The peripheral interface 1603 may be configured to connect the at least one peripheral related to input/output (I/O) to the processor 1601 and the memory 1602. In some embodiments, the processor 1601, the memory 1602, and the peripheral interface 1603 are integrated on a same chip or circuit board. In some other embodiments, any or both of the processor 1601, the memory 1602, and the peripheral interface 1603 may be implemented on an independent chip or circuit board. This is not limited in some embodiments.
The RF circuit 1604 is configured to receive and transmit an RF signal, also referred to as an electromagnetic signal. The RF circuit 1604 communicates with a communication network and other communication devices through the electromagnetic signal.
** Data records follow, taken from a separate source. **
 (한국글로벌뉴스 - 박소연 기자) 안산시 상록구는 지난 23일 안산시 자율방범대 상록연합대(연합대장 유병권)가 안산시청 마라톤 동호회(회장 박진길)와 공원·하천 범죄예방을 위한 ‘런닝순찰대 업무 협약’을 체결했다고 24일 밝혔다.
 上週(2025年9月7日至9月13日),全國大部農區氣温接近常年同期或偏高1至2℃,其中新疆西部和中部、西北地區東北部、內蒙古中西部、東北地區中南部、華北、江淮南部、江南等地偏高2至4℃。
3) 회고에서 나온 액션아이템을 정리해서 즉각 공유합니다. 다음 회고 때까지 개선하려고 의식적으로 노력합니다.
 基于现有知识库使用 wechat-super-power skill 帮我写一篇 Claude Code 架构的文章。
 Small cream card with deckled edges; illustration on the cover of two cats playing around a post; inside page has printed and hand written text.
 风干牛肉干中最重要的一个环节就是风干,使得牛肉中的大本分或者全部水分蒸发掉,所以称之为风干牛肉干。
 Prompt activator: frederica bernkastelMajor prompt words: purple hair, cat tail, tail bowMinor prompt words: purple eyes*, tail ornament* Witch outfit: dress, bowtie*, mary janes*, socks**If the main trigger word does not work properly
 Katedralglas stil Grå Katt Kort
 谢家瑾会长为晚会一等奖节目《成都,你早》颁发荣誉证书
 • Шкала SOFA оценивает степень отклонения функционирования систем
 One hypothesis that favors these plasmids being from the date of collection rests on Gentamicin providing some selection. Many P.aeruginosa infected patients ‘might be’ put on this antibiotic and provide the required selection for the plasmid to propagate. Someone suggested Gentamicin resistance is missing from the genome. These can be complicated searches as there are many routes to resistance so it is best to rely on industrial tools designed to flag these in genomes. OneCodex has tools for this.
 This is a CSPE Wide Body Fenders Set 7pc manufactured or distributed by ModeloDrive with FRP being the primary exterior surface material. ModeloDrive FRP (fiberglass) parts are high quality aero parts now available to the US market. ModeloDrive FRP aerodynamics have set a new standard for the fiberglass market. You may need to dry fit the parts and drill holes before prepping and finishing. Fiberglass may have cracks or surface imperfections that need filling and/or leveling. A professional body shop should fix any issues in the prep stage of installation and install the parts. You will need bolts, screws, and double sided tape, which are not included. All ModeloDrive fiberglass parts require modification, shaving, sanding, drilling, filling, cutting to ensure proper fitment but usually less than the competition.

The RF circuit 1604 converts an electric signal into an electromagnetic signal for transmission, or converts a received electromagnetic signal into an electric signal. In some embodiments, the RF circuit 1604 includes: an antenna system, an RF transceiver, one or more amplifiers, a tuner, an oscillator, a DSP, a codec chipset, a user identity module card, and the like. The RF circuit 1604 may communicate with another device through at least one wireless communication protocol. The wireless communication protocol includes, but is not limited to, a metropolitan area network, generations of mobile communication networks (2G, 3G, 4G, and 5G), a wireless local area network and/or a wireless fidelity (WiFi) network. In some embodiments, the RF circuit 1604 may further include a circuit related to near field communication (NFC). This is not limited in this application.
The display screen 1605 is configured to display a user interface (UI). The UI may include a graph, text, an icon, a video, and any combination thereof. When the display screen 1605 is a touch display screen, the display screen 1605 further has a capability of acquiring a touch signal on or above a surface of the display screen 1605. The touch signal may be inputted to the processor 1601 as a control signal for processing. In this case, the display screen 1605 may be further configured to provide a virtual button and/or a virtual keyboard that are/is also referred to as a soft button and/or a soft keyboard. In some embodiments, one display screen 1605 may be disposed on a front panel of the terminal 1600. In some other embodiments, at least two display screens 1605 may be respectively disposed on different surfaces of the terminal 1600 or in a folded design. In some other embodiments, the display screen 1605 may be a flexible display screen disposed on a curved surface or a folded surface of the terminal 1600. Even, the display screen 1605 may be further set in a non-rectangular irregular pattern, namely, a special-shaped screen. The display screen 1605 may be prepared by using a material such as a liquid crystal display (LCD) or an organic light-emitting diode (OLED).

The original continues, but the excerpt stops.